Requisites for the imposition of preventive suspension
Under Section 63 of the Local Government Code, preventive suspension may be
imposed
(a) after the issues are joined;
(b) when the evidence of guilt is strong; and
(c) given the gravity of the offense, there is great probability that the
continuance in office of the respondent could influence the witnesses or pose a
threat to the safety and integrity of the records and other evidence.
Issues are considered joined when the complaint has been answered and there
are no longer any substantial preliminary issues that remain to be threshed out. [A.
Pimentel, The Local Government Code of 1991 The Key to National Development 177
(1993)]
Under the Ombudsman Act (RA 6770)
(a) the evidence of guilt is strong, and
(b)the charge against such officer or employee involves dishonesty, oppression
or grave misconduct or neglect in the performance of duty;
(c) the charges would warrant removal from the service; or
(d) the respondent's continued stay in office may prejudice the case filed against
him
HAGAD VS GOZO-DADOLE
251 SCRA 242 (1995)
There is nothing in the Local Government Code to indicate that it has repealed,
whether expressly or impliedly, the pertinent provisions of the Ombudsman Act.

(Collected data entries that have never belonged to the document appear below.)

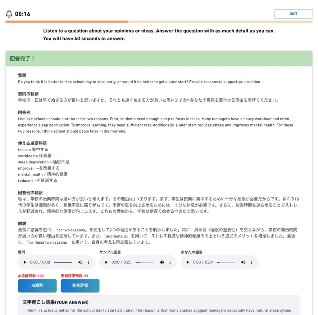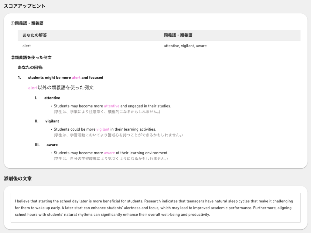 次の画像は、VERSANT対策アプリVERSANT BridgeのパートF「回答・解説画面」「AI添削画面」です。
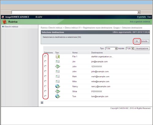 Selezionare gli indirizzi e-mail da registrare nel gruppo → fare clic su [OK].
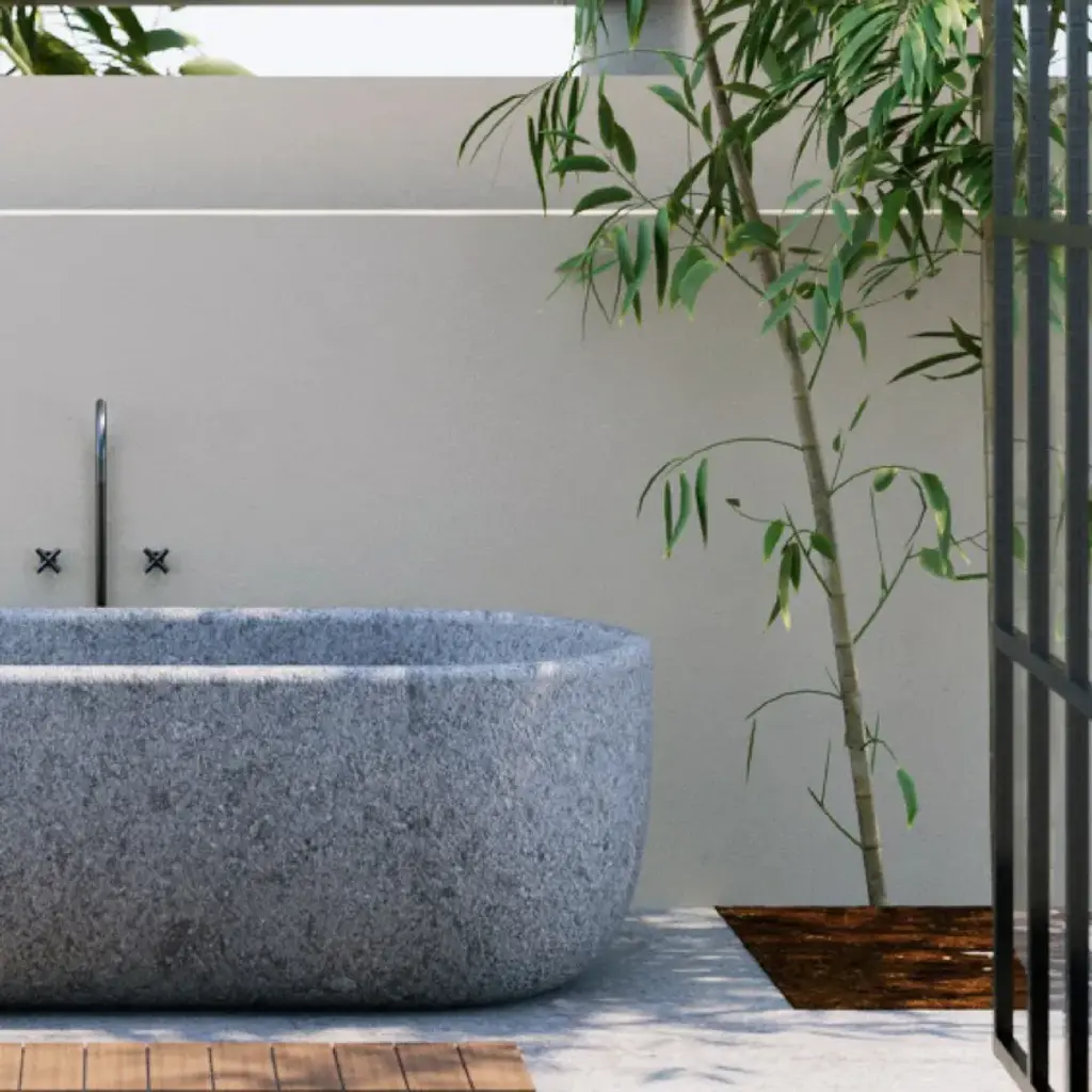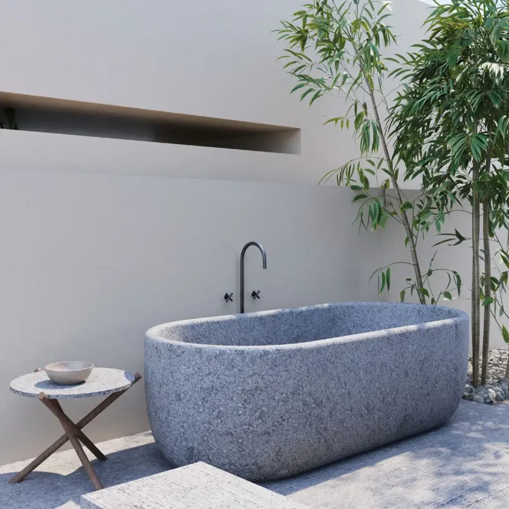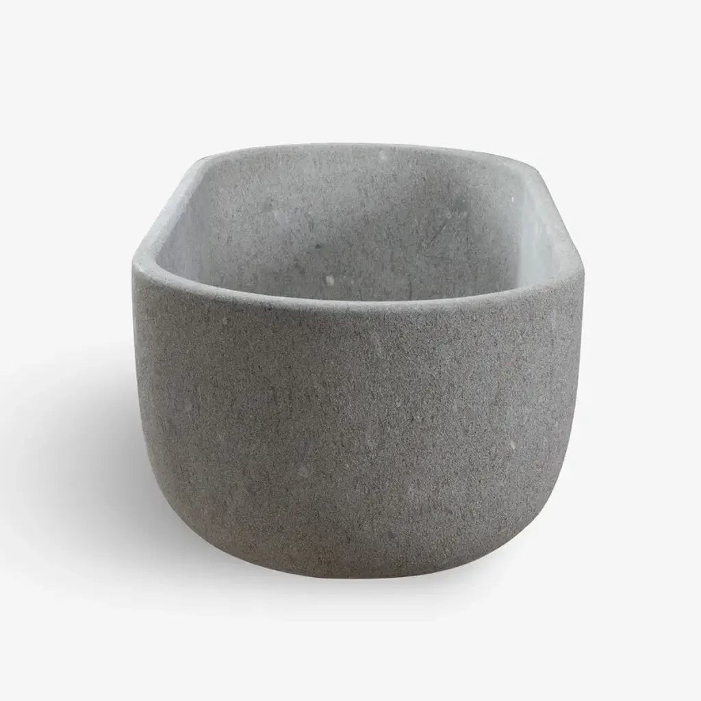 Crafted entirely in peperino, Aqua embodies a concept of the bathroom that redefines its fundamental aspects, offering an iconic piece both original and contemporary. If water symbolizes purity and life in the collective imagination, the Aqua bathtub expresses its entire value by translating it into an architectural code that blends creative exploration and practicality into a timeless furnishing element. This bathtub features a comfortable and spacious base, ensuring a sensation of maximum comfort with every use. Aqua's irresistible style is the result of an elegant series of influences that combine shape and material, distilling its outcome between past and future, design and nature, solids and voids defined by a surface never identical to itself.Monolithic tub in natural stone with rounded edges, with stone thickness decreasing from the base to the upper edge by 5 cm. Material: Peperino, smooth natural stone treated with stain and water-resistant products. Cutting and shaping processes done using CNC workstation.

The two statutes on the specific matter in question are not so inconsistent, let
alone irreconcilable, as to compel us to only uphold one and strike down the
other .
The authority to conduct administrative investigation and to impose preventive
suspension over elective provincial or city officials was at that time entrusted to
the Minister of Local Government until it became concurrent with the
Ombudsman upon the enactment of R.A. No. 6770, specifically under Sections
21 and 24 thereof, to the extent of the common grant. The Local Government
Code of 1991 (R.A. No. 7160), in fine, did not effect a change from what already
prevailed, the modification being only in the substitution of the Secretary (the
Minister) of Local Government by the Office of the President.
GANZON VS CA
200 SCRA 271 (1991)
The Court held that Ganzon can be allowed the benefit of simultaneous service of
the three separate preventive suspension orders.
BUNYE VS ESCAREAL
226 SCRA 332 (1993)
Preventive suspension is mandatory under Section 13 of RA 3019.
Such suspension may not exceed the maximum period of ninety (90) days fixed
in Section 42 of P.D. No. 807. [Pimentel vs Garchitorena, 208 SCRA 122 (1992)
citing Deloso vs. Sandiganbayan, 173 SCRA 409; Doromal vs. Sandiganbayan,
177 SCRA 354; and Gonzaga vs. Sandiganbayan, G.R. No. 96I31, September 6,
1991]
ALDOVINO, EL. AL. vs comelec
GR No. 184836, 23 December 2009
Preventive suspension, by its nature, does not involve an effective interruption of
a term and should therefore not be a reason to avoid the three term limitation.
The punong barangay, the sangguniang barangay member, the sangguniang kabataan
chairman, the barangay treasurer, and the barangay secretary shall be entitled to such
compensation, allowances, emoluments, and such other privileges as provided under
Title One Book III of this Code.
Elective local officials shall be entitled to the same leave privileges as those enjoyed by
appointive local officials, including the cumulation and commutation thereof.